Teixeira made his way forward. Two men not needed aloft were only now picking up the fallen deckhand and rolling him into a length of canvas. A quick glance at his face told Teixeira that the man was dead, though no wound was visible. He hurried past to climb the ladder to the forecastle and found Gonçalo leaning out over the waist, looking down at the water. Dom Francisco stood at his side, stone-faced at his arrival.

“Another foot of water,” Gonçalo said softly to himself. “Another knot of speed.”
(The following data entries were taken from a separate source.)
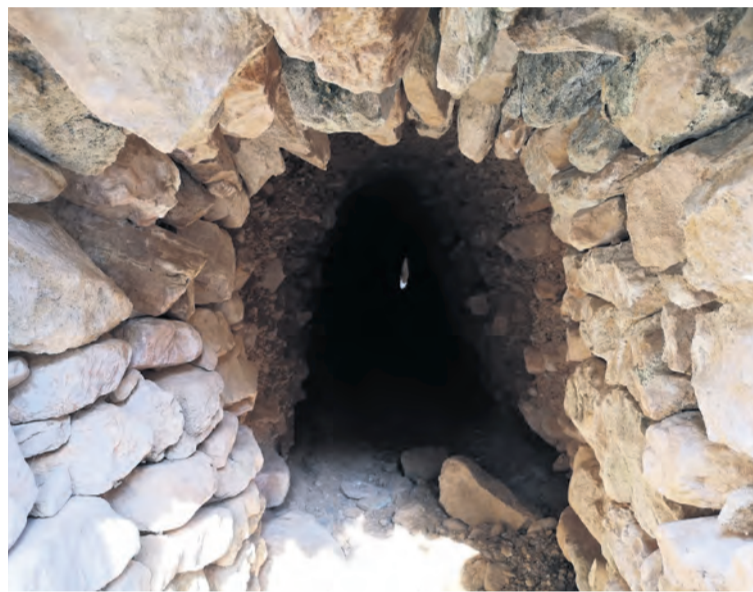
Cada foto premiada acompañará a un mes del calendario. A.C. El Portillo

El único requisito exigido para concursar era que las imágenes fueran de La Portellada intentando huir de los lugares más típicos como 'El Salt' o 'Sant Miquel' para mostrar también los lugares más desconocidos.
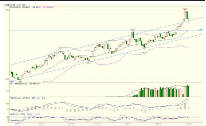
图 3. SC1812 日 K 线图
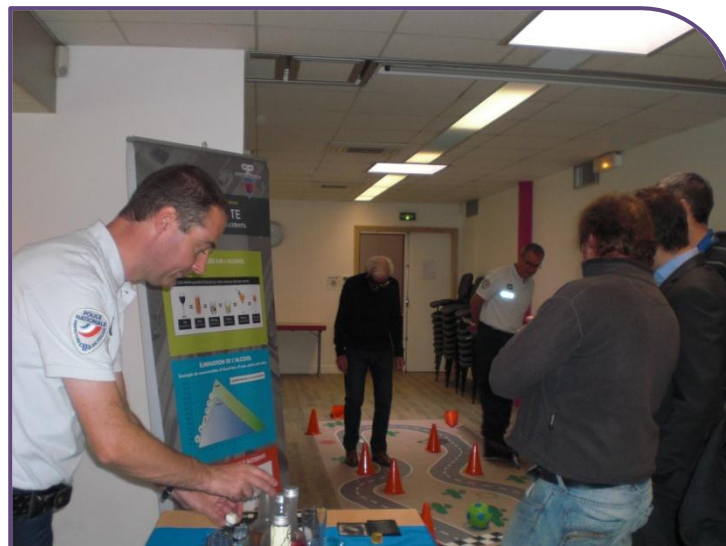
Evènement sécurité routière organisé au parc de Bellevues
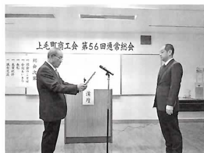
上毛町商工会 第56回通常総会
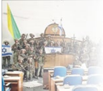
Israel: 'Hamas perdeu controle'

"O Hamas não tem poder de parar as IDF (sigla inglesa para For-
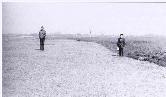
8. kép Kisszállás határában a Törökdombtól délre, az északnyugat-délkelet irányú csatornától északra (délkelet felől fényképezve)

Abb. 7 Auf der Weide in der Gemarkung von Kisszállás, südlich von der Straße, die vom Gehöft Torma zur Eisenbahn führt (vom Süden fotografiert)
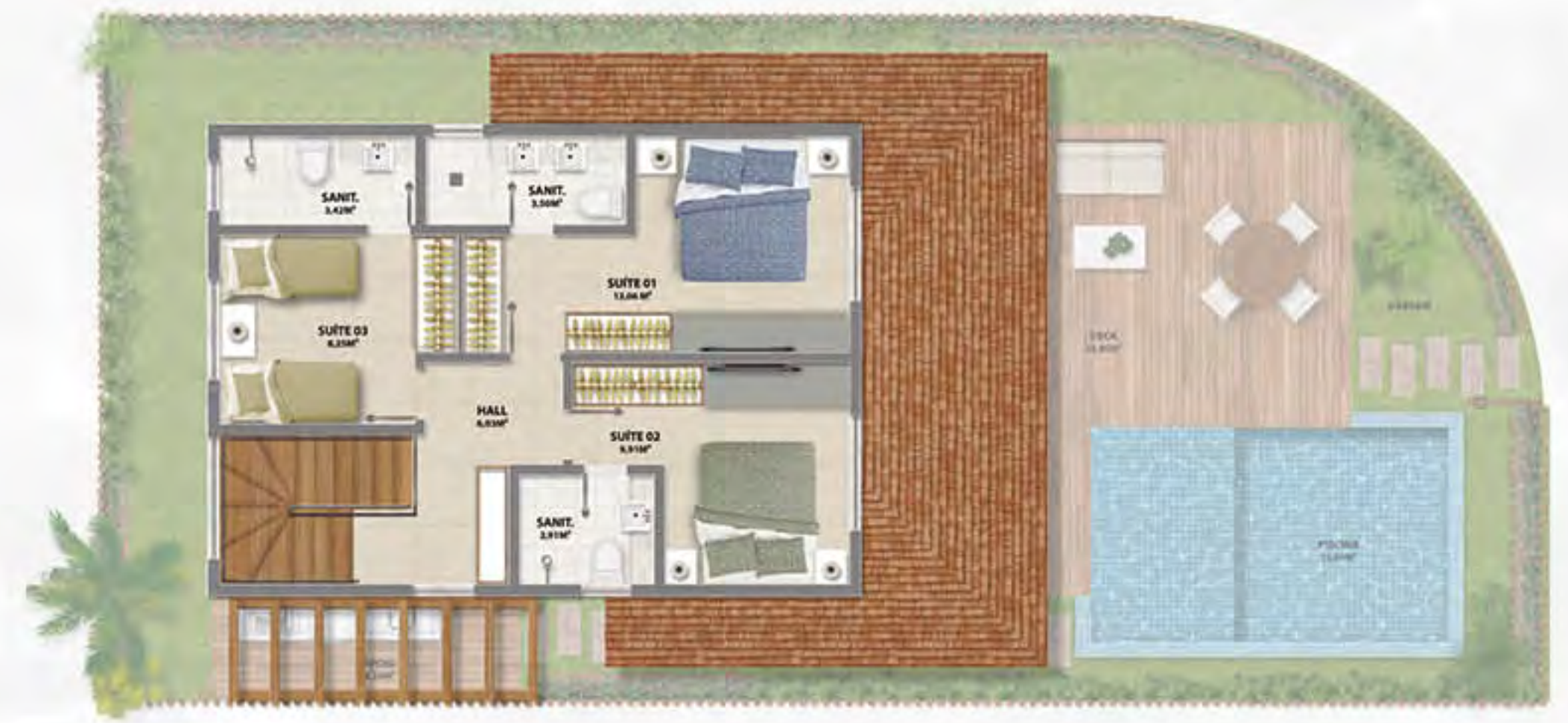
BANGALÔ DO MAR/LUÁ • PISO SUPERIOR
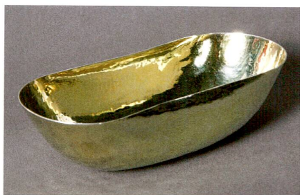
Abb. 2 Jagdschale, Silber, vergoldet, von Karl Martin Keiser (1659–1725), um 1700.

Federzeichnung mit identischer Darstellung und handschriftlichen Hinweisen zur Farbgebung (Abb. 7) diente am ehesten als Vorlage für eine Farblithografie.
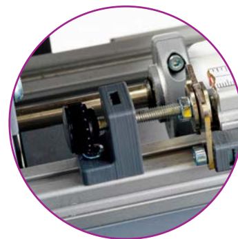
Molette de réglage pour l'ajustement du set complet de lames Y sur le média
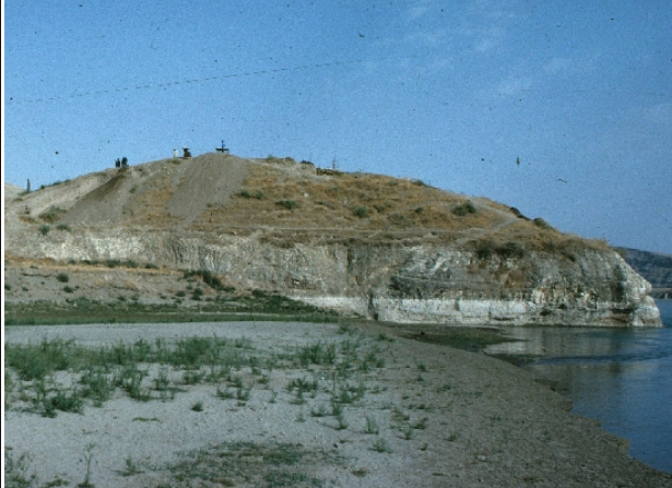
Opgraving Hayaz Höyük 1979-1981
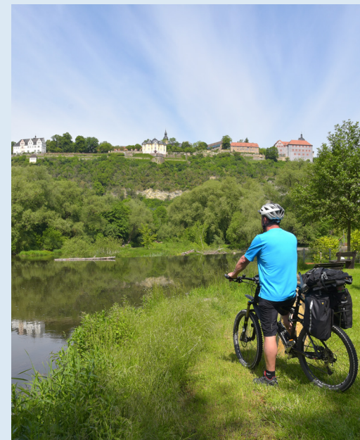
Radfahrer an den Dornburger Schlössern
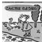
◀9か月~1歳ころ 日常生活を 描いた 絵本
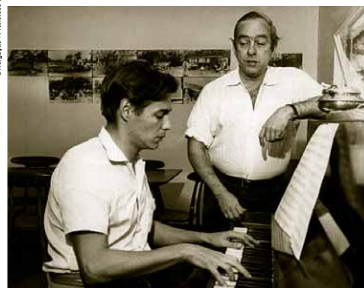
Tom Jobim toca piano ao lado do poeta Vinícius de Moraes.
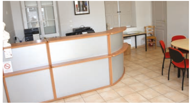
Une mairie de plain-pied, accessible et fonctionnelle.

Depuis le mois de juillet, la commune déléguée de Moulicent dispose d'une toute nouvelle mairie. L'ancienne qui par le passé « a aussi accueilli la salle des fêtes et la cantine, » se trouvait au 13 place des 4 horloges. Elle vient d'être vendue pour retourner dans le domaine privé. Un déclassement a été nécessaire avant la cession.
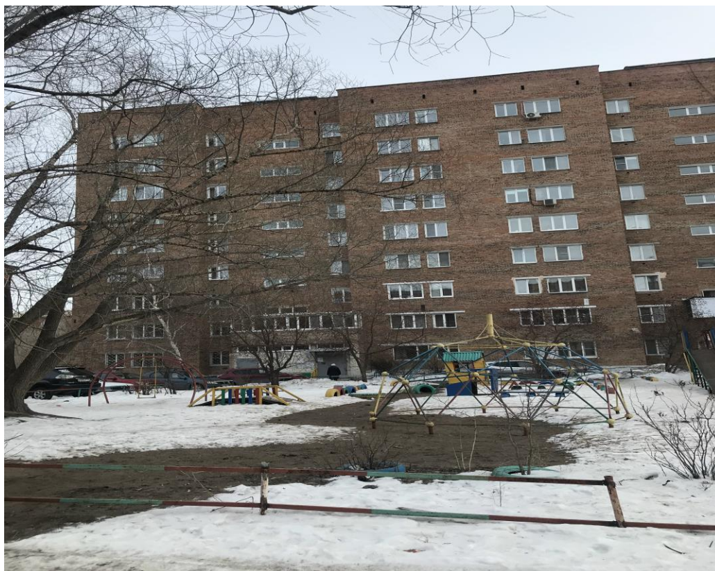
Фото 4. Дата и время съемки: 02.03.2022, 09:32.
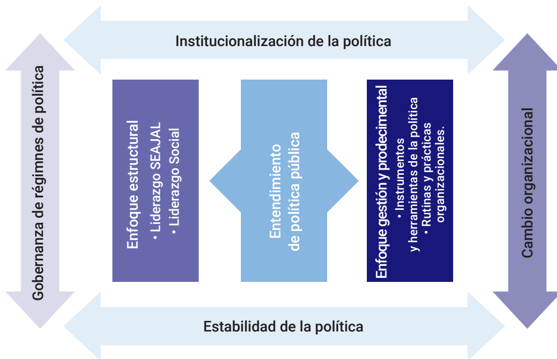
Figura 2. Propuesta teórica-conceptual implementación de política pública
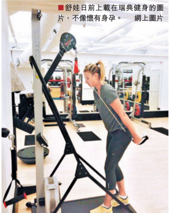
舒娃日前上載在瑞典健身的圖片,不像懷有身孕。

另外,來自法國的頭號種子宋加在維也納公開賽躋身8強。宋加今仗以7:5、1:6和6:3戰勝了德國球手白蘭斯。宋加賽後說:「我對自己說,現在我要集中自己所有能量,因為第2盤一開始他就破發。我要把專注力保持到最後一刻。」其餘躋身8強的還有德國老將夏斯等。
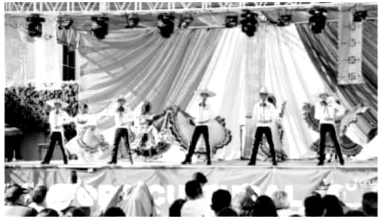
URUAPAN, MICH.- El Tianguis Artesanal y todas las actividades artísticas, culturales y de convivencia con la naturaleza representan un importante imán para el turismo

Mencionó además que se tienen eventos novedosos, tal es el caso de los recorridos nocturnos del Parque Nacional "Barranca del Cupatitzio" del 25 al 28 de abril. La funcionaria anotó que en este último caso el evento se desprende del proyecto conjunto con el Parque Nacional "Uruapan de Gran Visión", plasmado en el Plan Municipal de Desarrollo.
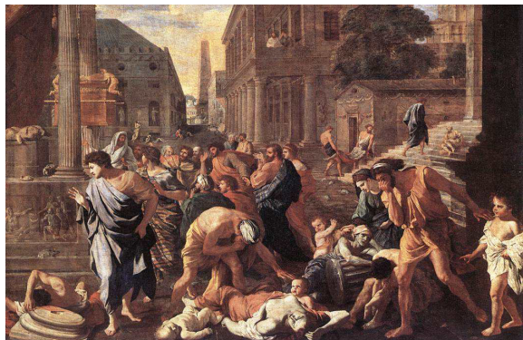
画家描绘的瘟疫（1630 年，法国画家 Nicolas Poussin）

公元 166 年，第二场大瘟疫降临了，史称“安东尼瘟疫”，横扫全国。史载罗马每天死 2000 人，16 年时间死了 500 万人，罗马帝国人口减少 1/3，君士坦丁堡死了一半人。
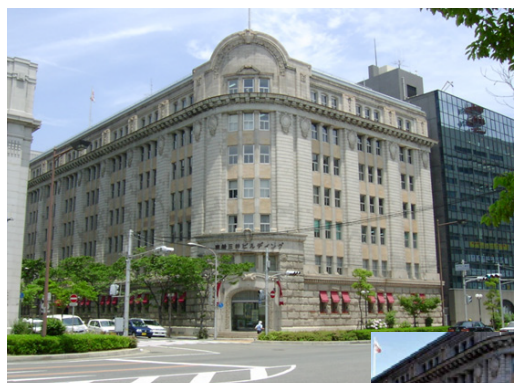
1922年に建てられた 石造りの建物

神戸市中央区の旧居留地にある商船三井ビル1、2Fに立地。公共交通機関でもお車でも、交通の利便性が非常に高い立地です（大丸の駐車場を利用可）。252坪という新宿店の2倍以上の広さを誇る店舗は、吹き抜け構造で内装もラグジュアリー。約60ブランドを取り扱うとともに、現行の2500本以上の試打クラブを取り揃え、フィッティングしての販売をメインに展開していきます。
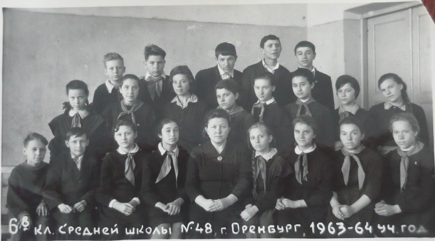
6 Б кл. Средней школы №48, г. Оренбург, 1963-64 уч. год
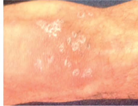
Figura 3 – Cara anterior de rodilla derecha. Múltiples nódulos entre 5 y 15 mm de diámetro respectivamente, dolorosos, algunos confluentes. Cara anterior de rodilla derecha.

la región frontal y malar, y múltiples nódulos entre 10, 20 y 30 mm de diámetro, dolorosos, algunos confluentes en antebrazos (figs. 1 y 2), y en la cara anterior de las rodillas (fig. 3). En su IPS se documenta en los paraclínicos además bicitopenia y neutropenia severa (tabla 1), por lo que lo remiten a nuestra institución.
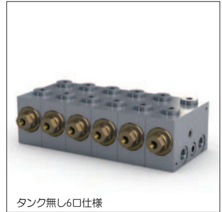
タンク無し6口仕様
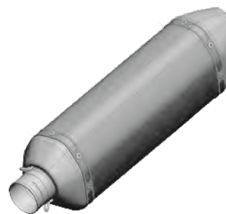
POSITION DER SERIENNUMMER

Teixeira followed his gaze. The water under the
Ajuda’s
bows and as far back as the forecastle was deep and black. Then, abruptly, it was yellow. Sand, Teixeira realized. They were aground on the very edge of the bar, balanced there in little more than a fathom. The first spatters of rain fell audibly on the decks. All three looked up. The spars were almost bare, the last men inching back along the yards or climbing down the mast-ladders. Above, the sky was choked with thunderclouds.

“Just a storm,” Dom Francisco said gruffly. “We saw worse than this on the passage out. Emptied my belly like a chamber-pot, but we rode it out.”

“In open water,” said Gonçalo. “Here we will be smashed to matchwood.”

He looked over the side once again. The rain began to fall harder and the wind rose, whistling about the masts and spars. When Gonçalo turned to them again his face was transformed. “There is a way, perhaps. We are not lost yet.” He talked quickly, raising his voice to be heard above the wind. When he was done Dom Francisco began to bellow orders to the men.